● **Records for processing**:
━━━━

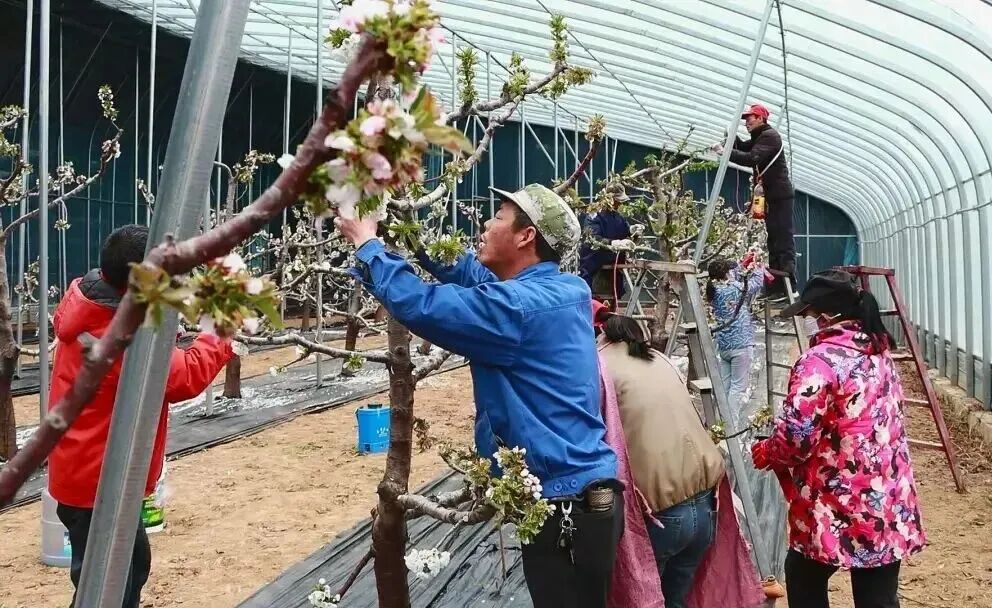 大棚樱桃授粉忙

━━━━

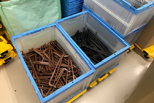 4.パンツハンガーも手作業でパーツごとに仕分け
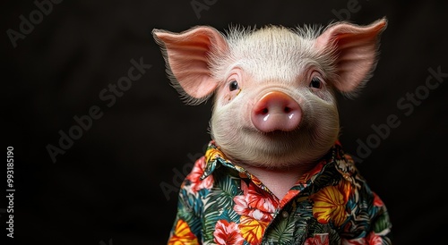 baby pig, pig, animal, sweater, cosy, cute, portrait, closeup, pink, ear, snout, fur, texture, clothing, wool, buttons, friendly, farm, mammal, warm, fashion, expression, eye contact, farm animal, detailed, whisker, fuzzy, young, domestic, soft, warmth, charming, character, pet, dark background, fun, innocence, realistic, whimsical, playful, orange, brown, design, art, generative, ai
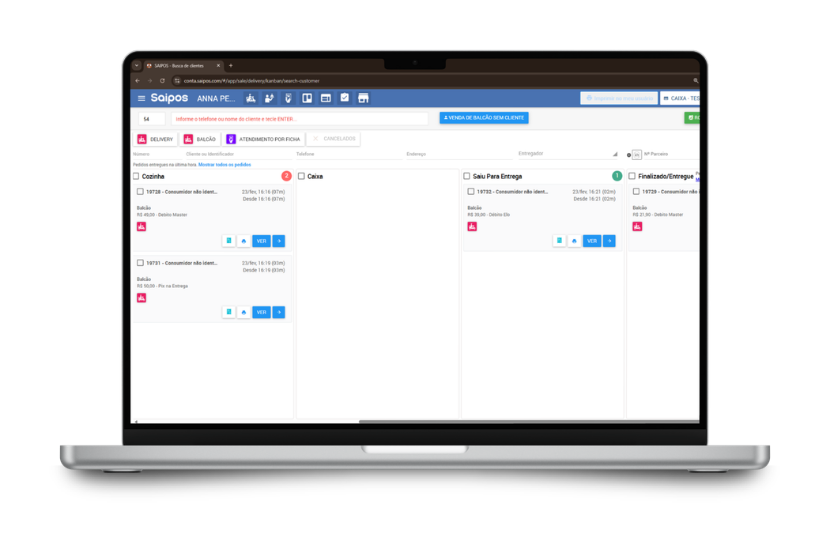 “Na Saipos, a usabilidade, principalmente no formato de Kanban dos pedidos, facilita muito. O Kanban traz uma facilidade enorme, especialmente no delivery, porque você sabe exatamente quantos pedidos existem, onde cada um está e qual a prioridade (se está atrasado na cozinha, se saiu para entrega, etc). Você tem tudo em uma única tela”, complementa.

━━━━

Print exactly the lines above that run from the one with "art, generative, ai" down to the one with "a usabilidade, principalmente", and omit the pictures.

● **Answer box**:
 baby pig, pig, animal, sweater, cosy, cute, portrait, closeup, pink, ear, snout, fur, texture, clothing, wool, buttons, friendly, farm, mammal, warm, fashion, expression, eye contact, farm animal, detailed, whisker, fuzzy, young, domestic, soft, warmth, charming, character, pet, dark background, fun, innocence, realistic, whimsical, playful, orange, brown, design, art, generative, ai
 “Na Saipos, a usabilidade, principalmente no formato de Kanban dos pedidos, facilita muito. O Kanban traz uma facilidade enorme, especialmente no delivery, porque você sabe exatamente quantos pedidos existem, onde cada um está e qual a prioridade (se está atrasado na cozinha, se saiu para entrega, etc). Você tem tudo em uma única tela”, complementa.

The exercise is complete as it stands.